2012 28th IEEE International Conference on Software Maintenance (ICSM) (2012)
Trento, Italy Italy
Sept. 23, 2012 to Sept. 28, 2012
Neha Rungta , NASA Ames Research Center
Suzette Person , NASA Langley Research Center
Joshua Branchaud , University of Nebraska-Lincoln
Change impact analysis techniques estimate the potential effects of changes made to software. Directed Incremental Symbolic Execution (DiSE) is an intraprocedural technique for characterizing the impact of software changes on program behaviors. DiSE first estimates the impact of the changes on the source code using program slicing techniques, and then uses the impact sets to guide symbolic execution to generate path conditions that characterize impacted program behaviors. DiSE, however, cannot reason about the flow of impact between methods and will fail to generate path conditions for certain impacted program behaviors. In this work, we present iDiSE, an extension to DiSE that performs an interprocedural analysis. iDiSE combines static and dynamic calling context information to efficiently generate impacted program behaviors across calling contexts. Information about impacted program behaviors is useful for testing, verification, and debugging of evolving programs. We present a case-study of our implementation of the iDiSE algorithm to demonstrate its efficiency at computing impacted program behaviors. Traditional notions of coverage are insufficient for characterizing the testing efforts used to validate evolving program behaviors because they do not take into account the impact of changes to the code. In this work we present novel definitions of impacted coverage metrics that are useful for evaluating the testing effort required to test evolving programs.

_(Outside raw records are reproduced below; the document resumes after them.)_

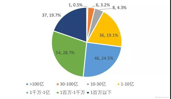 据非小号2018年4月2日数据显示,目前在全球范围内尚能产生交易额的数字货币交易所共有188家。其中单日交易额超过100亿元的仅有BitMEX一家;位于30亿元至100亿元区间的有5家,分别为币安、火币Pro、OKEx、Bitfinex、Upbit;位于10亿元至30亿元区间的有8家,分别为Bithumb、Kraken(K网)、GDAX(Coinbase旗下交易平台)、ZB、币赢国际站、HitBTC、Bitstamp、B网(Bittrex);低于1000万元人民币的合计82家,在所有交易所中占43.6%。
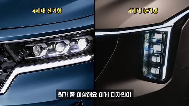 하지만 솔직히 저는 전면부가 페이스리프트 되기 전 전기형의 앞 디자인이 훨씬 더 이쁘다고 생각을 하는데, 주간주행등도 되게 날렵하게 예쁘고 헤드라이트도 3개가 나란히 딱딱딱 정렬되어 있는 게 되게 예뻤거든요. 근데 'ㄱ'자 주간주행등에 세로로 헤드램프를 박으니까 디자인이 뭔가 좀 이상해요.
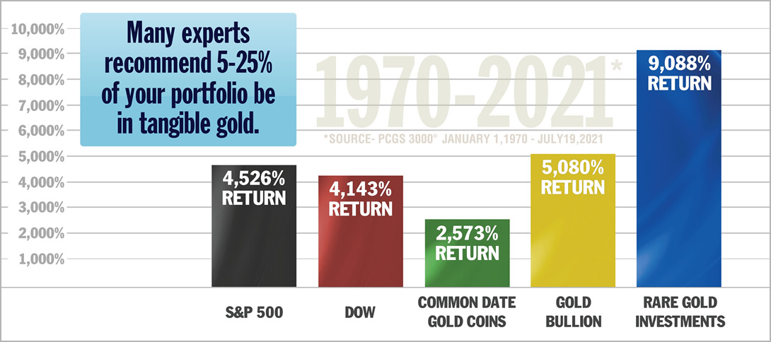 For 50 years, Rare Mint State Gold Coins have produced an impressive 9,088% return for investors and collectors - far outperforming the S&P 500, DOW, generic gold coin index, 3000 coin index as a whole and gold bullion prices, according to a highly-respected Mint State Rare Gold Coin Index from 1970 - 2021*.
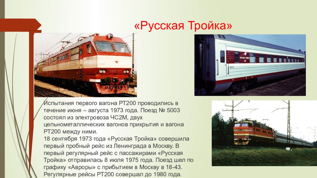Испытания первого вагона РТ200 проводились в течение июня – августа 1973 года. Поезд № 5003 состоял из электровоза ЧС2М, двух цельнометаллических вагонов прикрытия и вагона РТ200 между ними. 18 сентября 1973 года «Русская Тройка» совершила первый пробный рейс из Ленинграда в Москву. В первый регулярный рейс с пассажирами «Русская Тройка» отправилась 8 июля 1975 года. Поезд шел по графику «Авроры» с прибытием в Москву в 18-43. Регулярные рейсы РТ200 совершал до 1980 года.
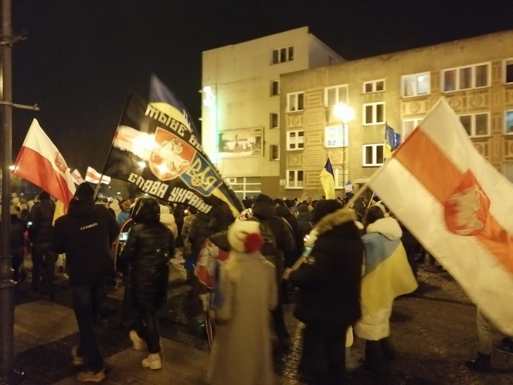 Увечары 24 лютага ў Беластоку прайшла амаль тысячная акцыя супраць расейскай агрэсіі. Яна была прымеркавана да гадавіны ўварвання маскоўскага войска з тэрыторыі фактычна акупаванай Беларусі на тэрыторыю суверэннай Украіны.
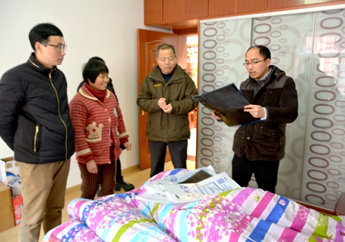為充分體現(xiàn)黨和政府對基層群眾的關心關愛, 按照全市大走訪大落實“集中服務周”活動的通知精神, 2017年1月20日周五上午,泰州市中醫(yī)院黨委書記王華、黨委副書記孫曉軍等同志在金東社區(qū)街道辦負責人的陪同下,對10個貧困戶家庭進行走訪慰問。
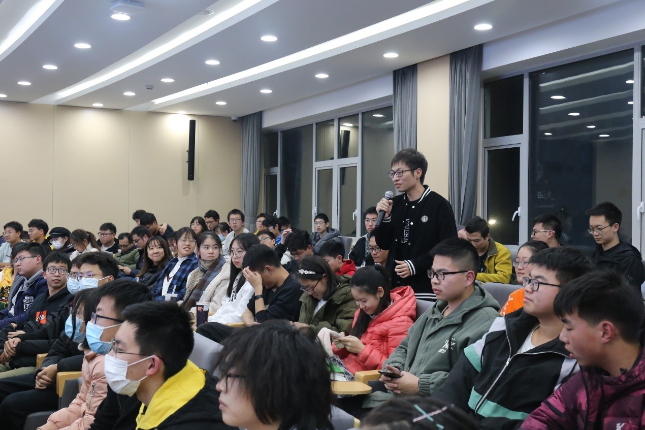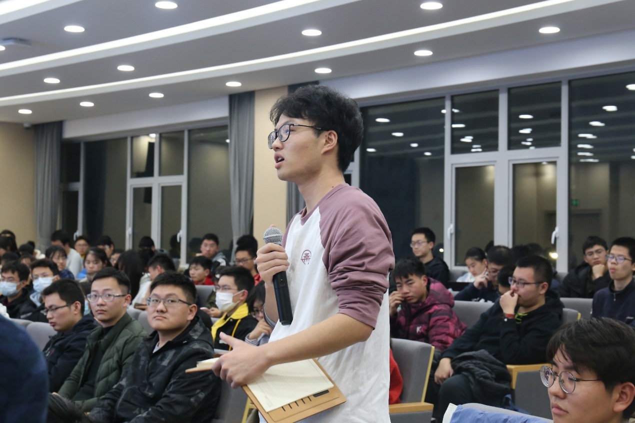 授课结束后,丁奎岭院士与在座学生进行了交流。在回答复杂合成艺术的实用性问题时,他指出,合成艺术只有美是不够的,科研工作者要着力把功能和合成艺术结合起来,以问题和需求为导向,进行合成研究。合成科学没有极限,而未来的合成将会更加注重目标导向,以功能为目的。创造新的分子很容易,而我们要思考的是如何创造有用的新分子。在被问AI对于大分子合成的意义问题时,他指出在知识爆炸的时代,人类脑力有限,人工智能、机器学习可以更好的帮助人类加速人类发展进程,而这更需要同学们有宽口径的知识基础。
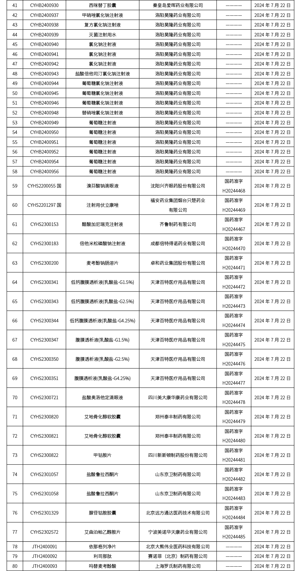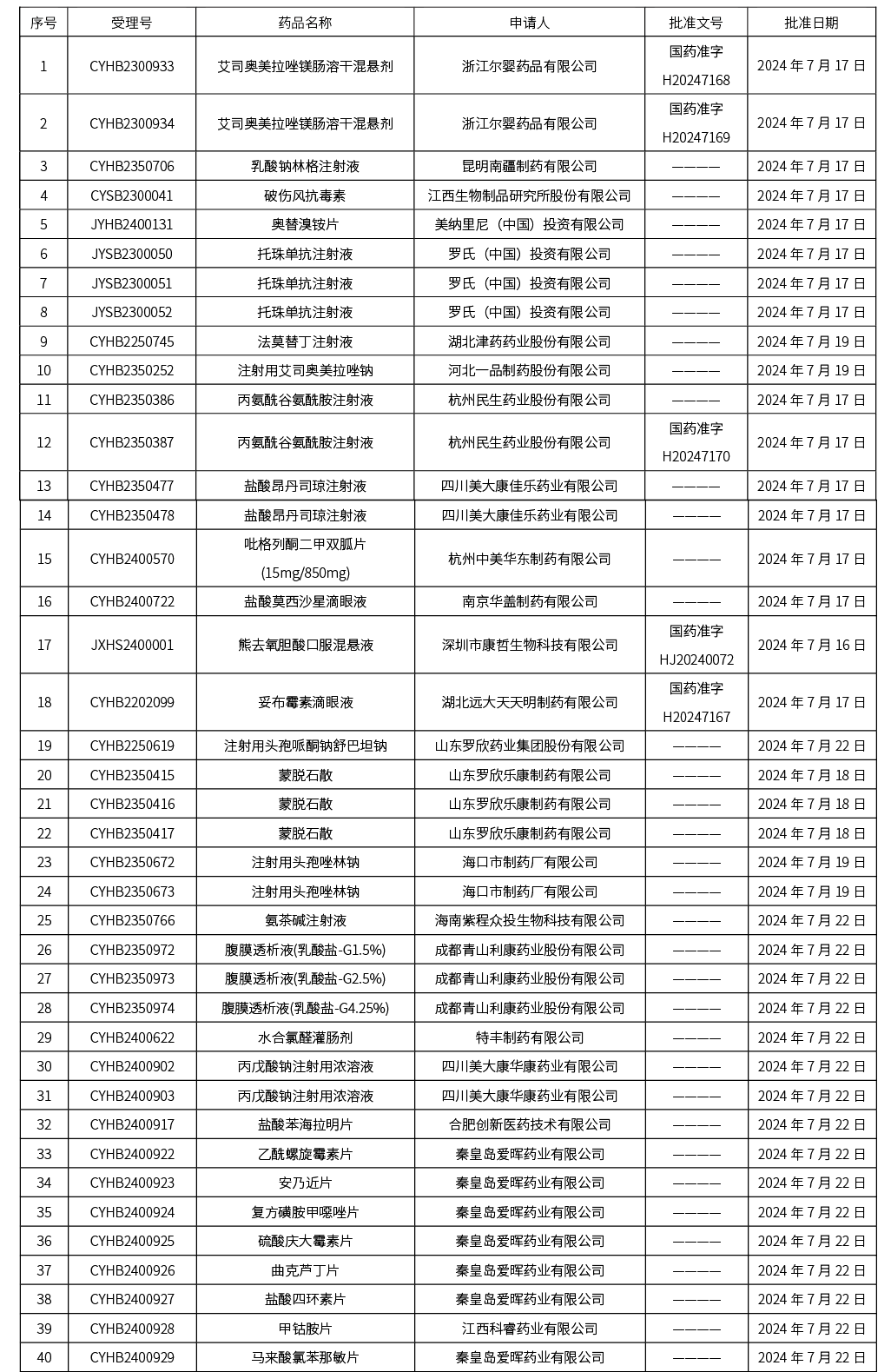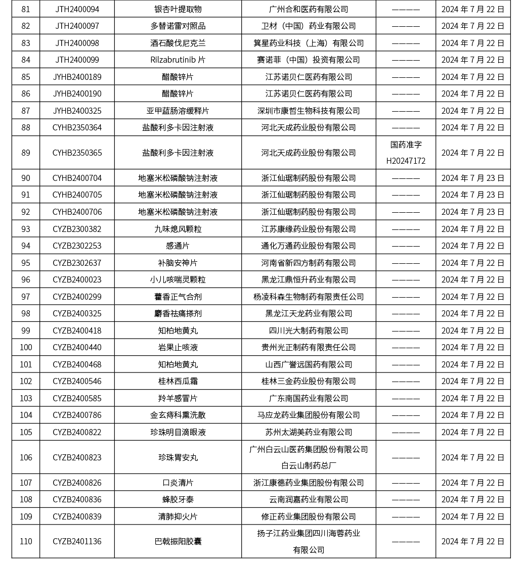 截至2024年7月26日 15:00, 發(fā)布110個待領(lǐng)取藥品批準證明文件,其中注射液41個,一致性評價品種19個。

We then describe how the notions of impacted coverage can be used to configure techniques such as DiSE and iDiSE in order to support regression testing related tasks. We also discuss how DiSE and iDiSE can be configured for debugging; finding the root cause of errors introduced by changes made to the code. In our empirical evaluation we demonstrate that the configurations of DiSE and iDiSE can be used to support various software maintenance tasks.
Context, Testing, Software maintenance, Debugging, Conferences, Heuristic algorithms
N. Rungta, S. Person and J. Branchaud, "A change impact analysis to characterize evolving program behaviors," 2012 28th IEEE International Conference on Software Maintenance (ICSM), Trento, Italy Italy, 2012, pp. 109-118.